Masculines, opaques et ménagées par des actionnaires dociles, les entreprises japonaises sont priées par le gouvernement de Shinzo Abe de dépoussiérer leur gouvernance, une révolution déjà - modestement - amorcée.

Un nouveau code entre en vigueur ce lundi, créé dans le cadre de la stratégie dite des «Abenomics» qui vise à impulser un nouvel élan à la troisième économie mondiale. L'objectif? Redonner du lustre à des entreprises en perte de vitesse.

N'y cherchez pas cependant des règles précises, le document se contente de brosser des préceptes généraux que les firmes sont fortement incitées à suivre, avec un maître mot: «Transparence».

Principe numéro 1: choyer les actionnaires, favoriser le dialogue et renoncer à toute mesure qui chercherait à protéger l'entreprise à leurs dépens.

Autres recommandations: promouvoir la diversité - femmes et étrangers à l'honneur -, et réserver davantage de sièges du conseil d'administration à des membres extérieurs.

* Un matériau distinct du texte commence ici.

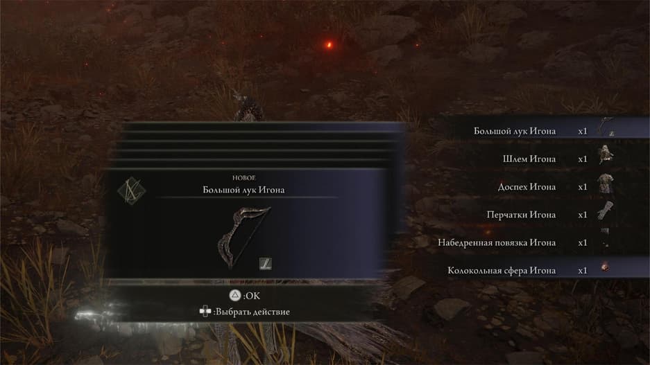 Теперь возвращайтесь на благодать «Подножье зубатой горы» на место последней встречи с Игоном. Незадачливый рыцарь-дракон испустил дух, оставив после себя комплект брони и «Большой лук Игона», который позволит почувствовать себя драконорожденным из The Elder Scrolls V: Skyrim. Также на месте гибели будет лежать «Сфера Игона» — её следует отдать старухам в Крепости Круглого стола. Так вы сможете приобретать стрелы для этого лука.
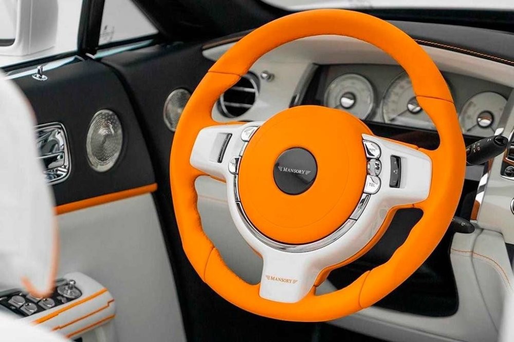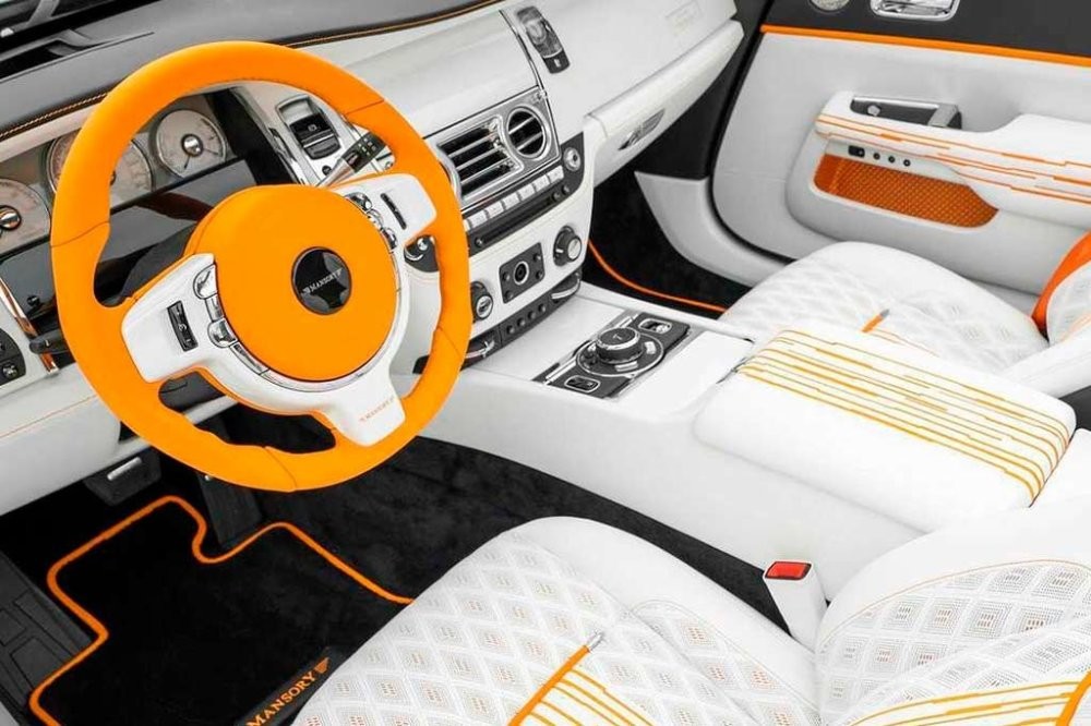 "Тема помаранчевого на білому продовжується в салоні, включаючи килимки, сидіння та рульове колесо, яке, що не дивно, виділяється сяючим цитрусовим кольором. Mansory не надала інформації про матеріали, що використовуються в салоні, але це будуть матеріали вищого якості."

Leur part n'était que de 9% en 2013 au sein des grandes entreprises de l'indice boursier Topix, contre 70% aux États-Unis et 30% en Corée du Sud, selon des données citées par le FMI. Quant aux femmes, elles sont réduites à la portion congrue (1,1%), à comparer à 20% au Royaume-Uni.

«Pilule magique»

Les firmes se doivent aussi de communiquer le plus possible sur leur stratégie et sur tout risque encouru... Tout le contraire de ce qu'a fait l'équipementier automobile Takata, muet pendant de longs mois sur ses problèmes d'airbags alors que se multipliaient les millions de rappels dans le monde.

Enfin, il leur est demandé de s'assurer du sérieux et de l'indépendance des commissaires aux comptes externes, pour déjouer un maquillage comme celui découvert chez Olympus en 2011, ou éviter des erreurs de calcul telles que celles que vient de mettre au jour Toshiba.

Ces mesures, bien que vagues, marquent un vrai changement de ton, arguait récemment Nicholas Benes, expert de la gouvernance, lors d'un colloque à Tokyo.

«Le Rubicon a été franchi, c'est désormais une politique nationale», se félicite-t-il. «Ce code entend changer les mentalités», alors que le Japon figure à la traîne des autres pays développés.

Le succès de la «Japan Inc.» était montré en exemple dans les années 1980, mais une série de scandales et deux «décennies perdues» de déflation sont passées par là. Désormais l'Archipel cherche «une pilule magique pour guérir ses maux», souligne une universitaire.

Selon les économistes, bonne gouvernance, prise de risques et prospérité iraient de pair, à rebours de la thésaurisation privilégiée par des dirigeants frileux, laissés libres d'agir à leur guise.

Les sociétés privées japonaises (hors secteur financier) dorment en effet sur un épais matelas de trésorerie de l'ordre de 230 000 milliards de yens (1700 milliards d'euros), équivalant à près de la moitié du produit intérieur du pays!

Prise de conscience

Dans le même souci de prudence, elles préfèrent des patrons qui ont plus de 30 ans de maison, laissant à la porte de précieux talents.

Une prise de conscience se dessine cependant. Le fabricant des robots industriels Fanuc, la plus secrète des firmes nippones, s'est résolu à des changements notables: ouverture d'un guichet d'informations pour ses actionnaires et promesses de dividendes plus élevés.

Plus largement, des principes ont été édictés à l'adresse des investisseurs (Stewardship Code) pour les pousser à être plus actifs, et un nouvel indice boursier - le JPX-Nikkei 400 - a été créé, rassemblant des entreprises converties à ces nouveaux critères de gouvernance prisés à l'étranger.

Réformes de vitrine dont Shinzo Abe peut se vanter, mais aux retombées incertaines, selon les critiques de la réforme.

«Changer le code de conduite sans toucher à la loi» ne rime pas à grand-chose, prévient Tatsuo Uemura, professeur à l'université Waseda, surtout dans un pays où les actionnaires ont tendance à ne pas être très revendicatifs.

D'autres observateurs, à l'instar de l'analyste indépendant Jun Okumura, s'agacent de ce qu'ils qualifient de faux débat, citant les réussites malgré cette gouvernance nippone qui ne sied pas aux milieux d'affaires occidentaux.

Et les mêmes analystes sceptiques de dénoncer les travers des États-Unis, où les PDG empochent parfois des salaires délirants comparés à la parcimonie en vigueur au Japon. Sans compter que la prétendue exemplaire gouvernance américaine n'a pas empêché le scandale Enron ou la crise financière, rappellent-ils.